If within the remand, the Director elects to engage in a Service determination under 8 C.F.R. 
§ 214.2(h)(4)(iii)(D)(5), they should sufficiently express they are engaging in that analysis, cite the 
regulation, and analyze the requirements found at 8 C.F.R. § 214.2(h)(4)(iii)(D)(5)(i)-(v). 
But qualifications are not the end of the analysis, and the Director should 
evaluate Professor I I opinion under the regulatory requirements at 8 C.F.R. 
§ 214.2(h)(4)(iii)(D)(l). We note the professor seems to discuss a portion of the Beneficiary's 
experience for which there is no supporting evidence in the record to corroborate his analysis, nor does 
he identify the source of this information. The missing evidence relates to the Beneficiary's claimed 
work for the International English Language Testing System Trainer. 

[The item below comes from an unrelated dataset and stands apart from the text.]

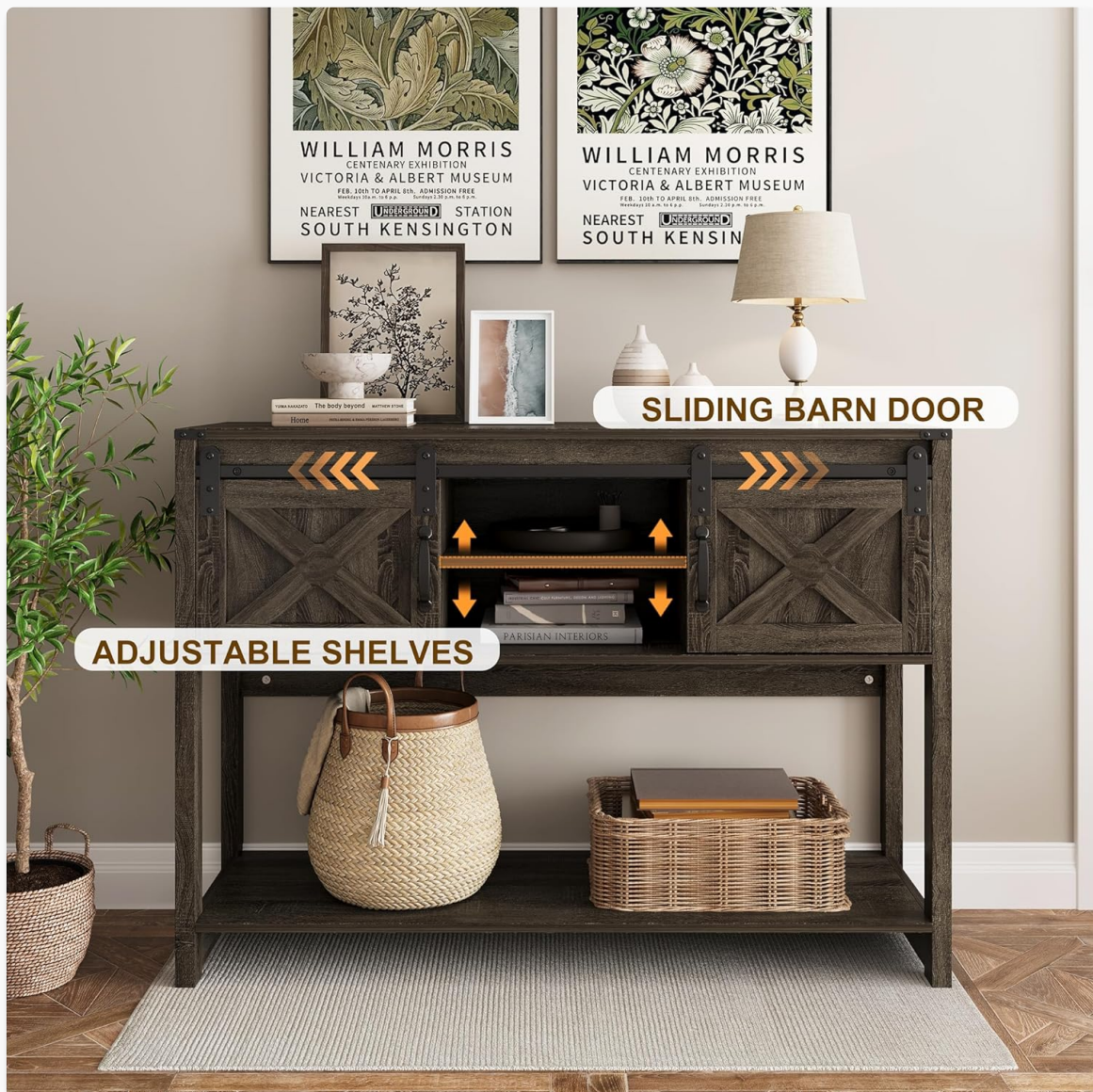
Image: Visual representation of the sliding barn doors and the adjustable shelf feature.

A beneficiary's work experience should generally be demonstrated through sufficiently probative 
evidence such as letters from previous employers that describes the duties and responsibilities in which 
the foreign national engaged in his previous work that satisfies the Petitioner's experience 
requirements. Typically, these are the individuals who directed or supervised a beneficiary's 
performance and duties during the period in question and can provide a firsthand account of whether 
such responsibilities were of a qualifying nature, and whether the position was full time and 
compensated. Such material could provide a firsthand account of the Beneficiary's experience 
offering a basis for the amount of experience the professor stated she possessed. 
Accordingly, we will withdraw the Director's decision and remand the matter to consider the specialty 
occupation issue and other beneficiary qualification issues and enter a new decision. The Director 
may request any additional evidence considered pertinent to the new determination and any other 
issue. As such, we express no opinion regarding the ultimate resolution of this case on remand. 
ORDER: The decision of the Director is withdrawn. The matter is remanded for the entry of a 
new decision consistent with the foregoing analysis.